Segment Start: DATA EXCERPTS

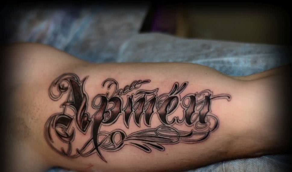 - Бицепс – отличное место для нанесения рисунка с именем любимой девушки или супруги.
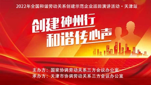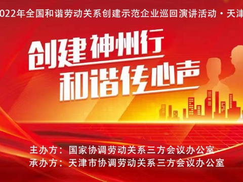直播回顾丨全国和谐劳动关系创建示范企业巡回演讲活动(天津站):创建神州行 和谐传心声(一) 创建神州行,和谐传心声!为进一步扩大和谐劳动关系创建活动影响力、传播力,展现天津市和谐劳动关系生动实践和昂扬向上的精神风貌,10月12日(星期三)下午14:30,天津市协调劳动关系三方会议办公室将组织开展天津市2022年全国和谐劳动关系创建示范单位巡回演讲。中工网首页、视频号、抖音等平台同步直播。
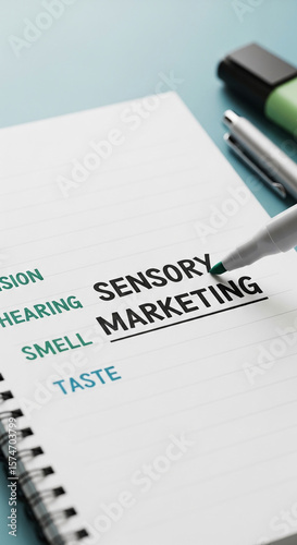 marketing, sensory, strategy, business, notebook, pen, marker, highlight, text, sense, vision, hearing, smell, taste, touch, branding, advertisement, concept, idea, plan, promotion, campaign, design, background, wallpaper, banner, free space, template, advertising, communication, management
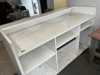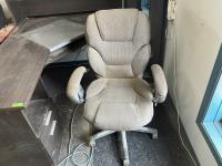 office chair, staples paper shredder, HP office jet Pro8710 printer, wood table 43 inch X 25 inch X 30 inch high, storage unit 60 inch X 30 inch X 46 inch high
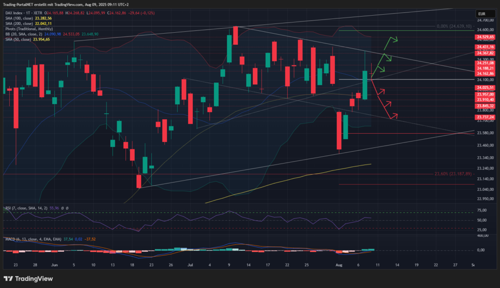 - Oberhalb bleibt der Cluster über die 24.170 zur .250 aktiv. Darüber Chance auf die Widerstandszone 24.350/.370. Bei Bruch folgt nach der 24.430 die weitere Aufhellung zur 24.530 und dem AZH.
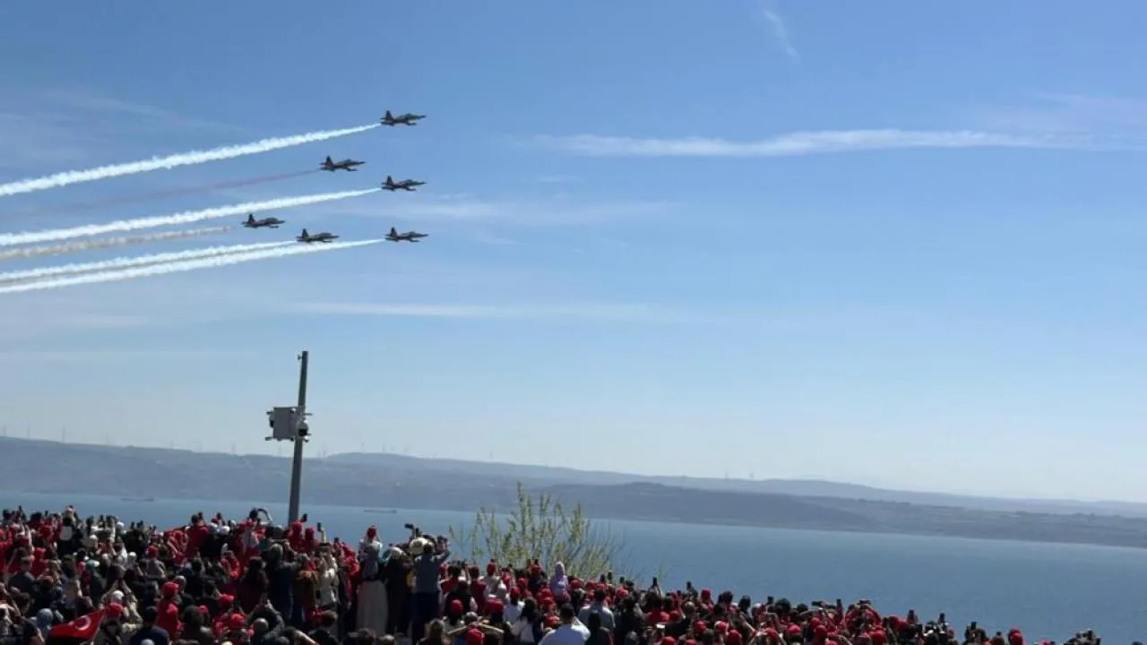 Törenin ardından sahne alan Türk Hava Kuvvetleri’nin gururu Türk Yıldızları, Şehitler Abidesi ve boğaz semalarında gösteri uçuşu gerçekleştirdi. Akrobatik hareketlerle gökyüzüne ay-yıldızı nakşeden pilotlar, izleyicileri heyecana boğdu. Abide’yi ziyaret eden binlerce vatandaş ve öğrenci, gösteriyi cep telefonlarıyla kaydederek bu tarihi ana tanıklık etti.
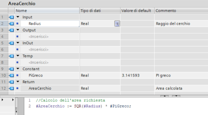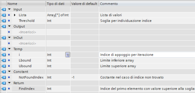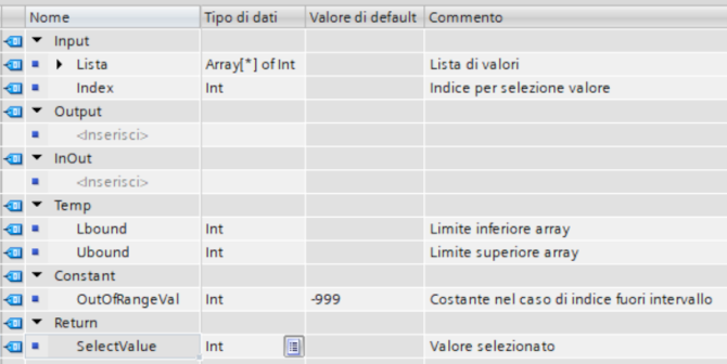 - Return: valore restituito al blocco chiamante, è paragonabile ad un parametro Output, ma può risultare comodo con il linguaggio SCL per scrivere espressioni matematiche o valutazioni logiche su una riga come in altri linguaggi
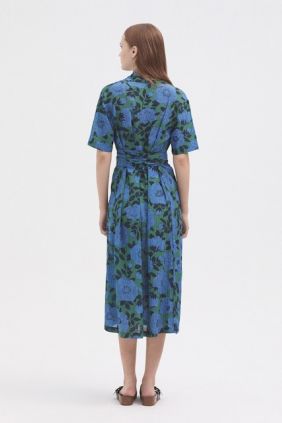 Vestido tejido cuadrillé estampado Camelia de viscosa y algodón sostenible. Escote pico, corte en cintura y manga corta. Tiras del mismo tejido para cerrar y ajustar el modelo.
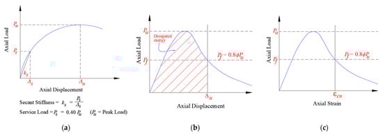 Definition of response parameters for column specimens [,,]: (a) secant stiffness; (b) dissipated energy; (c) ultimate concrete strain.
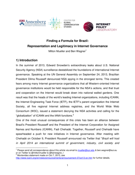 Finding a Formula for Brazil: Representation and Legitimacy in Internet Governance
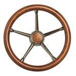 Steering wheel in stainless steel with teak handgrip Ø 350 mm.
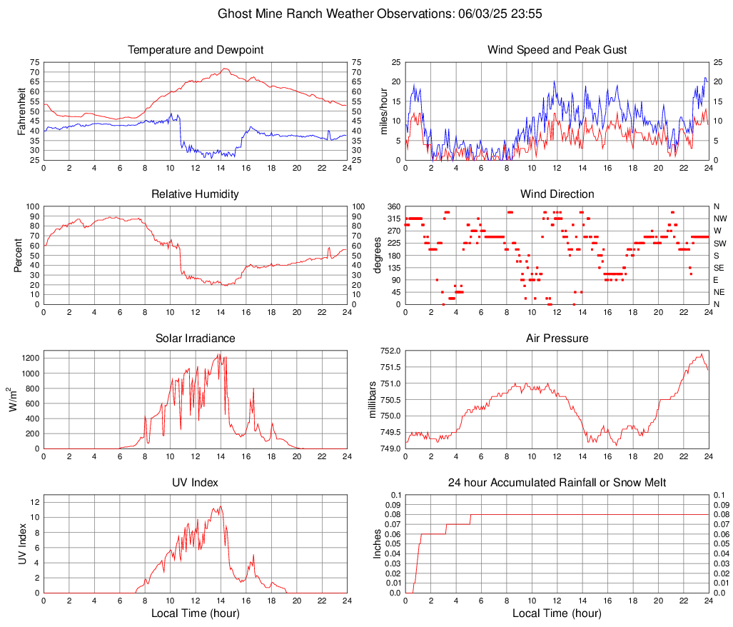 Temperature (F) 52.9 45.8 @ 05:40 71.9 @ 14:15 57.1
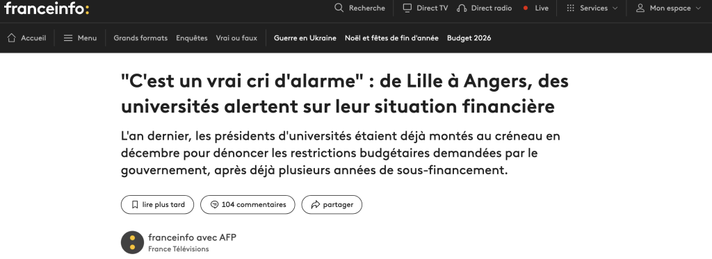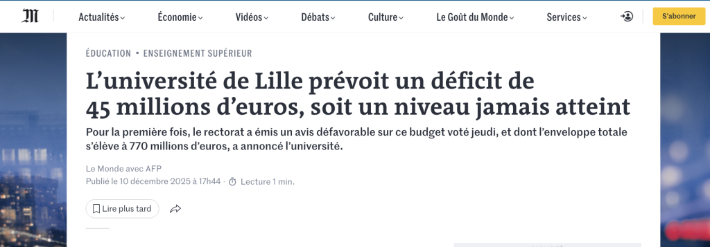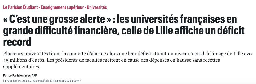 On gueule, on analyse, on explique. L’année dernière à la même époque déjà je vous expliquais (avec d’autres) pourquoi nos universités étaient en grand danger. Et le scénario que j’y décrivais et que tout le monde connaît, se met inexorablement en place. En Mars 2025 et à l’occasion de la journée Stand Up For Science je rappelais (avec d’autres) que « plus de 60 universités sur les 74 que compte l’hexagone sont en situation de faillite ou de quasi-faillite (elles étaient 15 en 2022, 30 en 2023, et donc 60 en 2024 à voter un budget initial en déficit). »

Segment End: DATA EXCERPTS

The lines to retype begin with the one containing "Definition of response" and end with the last line of the records. Reproduce them exactly and omit the pictures.

SOLVED PROBLEM
 Definition of response parameters for column specimens [,,]: (a) secant stiffness; (b) dissipated energy; (c) ultimate concrete strain.
 Finding a Formula for Brazil: Representation and Legitimacy in Internet Governance
 Steering wheel in stainless steel with teak handgrip Ø 350 mm.
 Temperature (F) 52.9 45.8 @ 05:40 71.9 @ 14:15 57.1
 On gueule, on analyse, on explique. L’année dernière à la même époque déjà je vous expliquais (avec d’autres) pourquoi nos universités étaient en grand danger. Et le scénario que j’y décrivais et que tout le monde connaît, se met inexorablement en place. En Mars 2025 et à l’occasion de la journée Stand Up For Science je rappelais (avec d’autres) que « plus de 60 universités sur les 74 que compte l’hexagone sont en situation de faillite ou de quasi-faillite (elles étaient 15 en 2022, 30 en 2023, et donc 60 en 2024 à voter un budget initial en déficit). »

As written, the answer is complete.